**What the task requires**
An exact copy of all the data below is needed, without its pictures.

Data section Start Marker

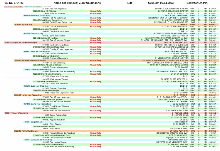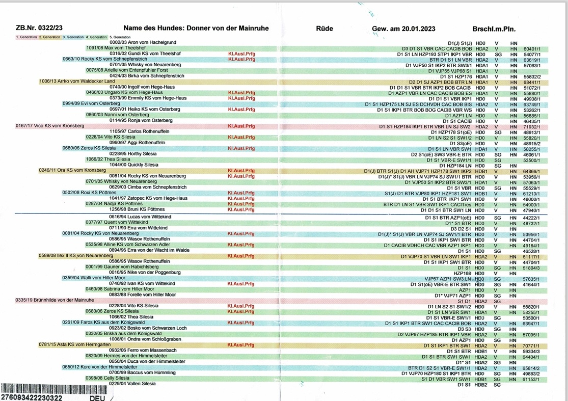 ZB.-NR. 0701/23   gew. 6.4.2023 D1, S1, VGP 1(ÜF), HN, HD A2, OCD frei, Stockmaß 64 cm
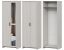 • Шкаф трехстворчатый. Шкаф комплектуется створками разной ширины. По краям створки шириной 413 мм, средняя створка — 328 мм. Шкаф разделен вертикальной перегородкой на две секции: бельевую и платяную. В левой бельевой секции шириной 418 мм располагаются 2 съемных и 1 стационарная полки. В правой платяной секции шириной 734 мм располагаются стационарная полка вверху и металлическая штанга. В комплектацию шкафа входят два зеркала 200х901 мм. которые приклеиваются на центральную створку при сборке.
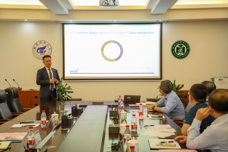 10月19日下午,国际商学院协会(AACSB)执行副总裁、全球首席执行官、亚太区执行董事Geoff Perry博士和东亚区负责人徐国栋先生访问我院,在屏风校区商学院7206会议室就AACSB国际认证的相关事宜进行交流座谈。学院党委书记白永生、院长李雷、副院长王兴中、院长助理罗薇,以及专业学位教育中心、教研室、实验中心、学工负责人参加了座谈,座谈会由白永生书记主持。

Data section End Marker

**Result of the exercise**
 ZB.-NR. 0701/23   gew. 6.4.2023 D1, S1, VGP 1(ÜF), HN, HD A2, OCD frei, Stockmaß 64 cm
 • Шкаф трехстворчатый. Шкаф комплектуется створками разной ширины. По краям створки шириной 413 мм, средняя створка — 328 мм. Шкаф разделен вертикальной перегородкой на две секции: бельевую и платяную. В левой бельевой секции шириной 418 мм располагаются 2 съемных и 1 стационарная полки. В правой платяной секции шириной 734 мм располагаются стационарная полка вверху и металлическая штанга. В комплектацию шкафа входят два зеркала 200х901 мм. которые приклеиваются на центральную створку при сборке.
 10月19日下午,国际商学院协会(AACSB)执行副总裁、全球首席执行官、亚太区执行董事Geoff Perry博士和东亚区负责人徐国栋先生访问我院,在屏风校区商学院7206会议室就AACSB国际认证的相关事宜进行交流座谈。学院党委书记白永生、院长李雷、副院长王兴中、院长助理罗薇,以及专业学位教育中心、教研室、实验中心、学工负责人参加了座谈,座谈会由白永生书记主持。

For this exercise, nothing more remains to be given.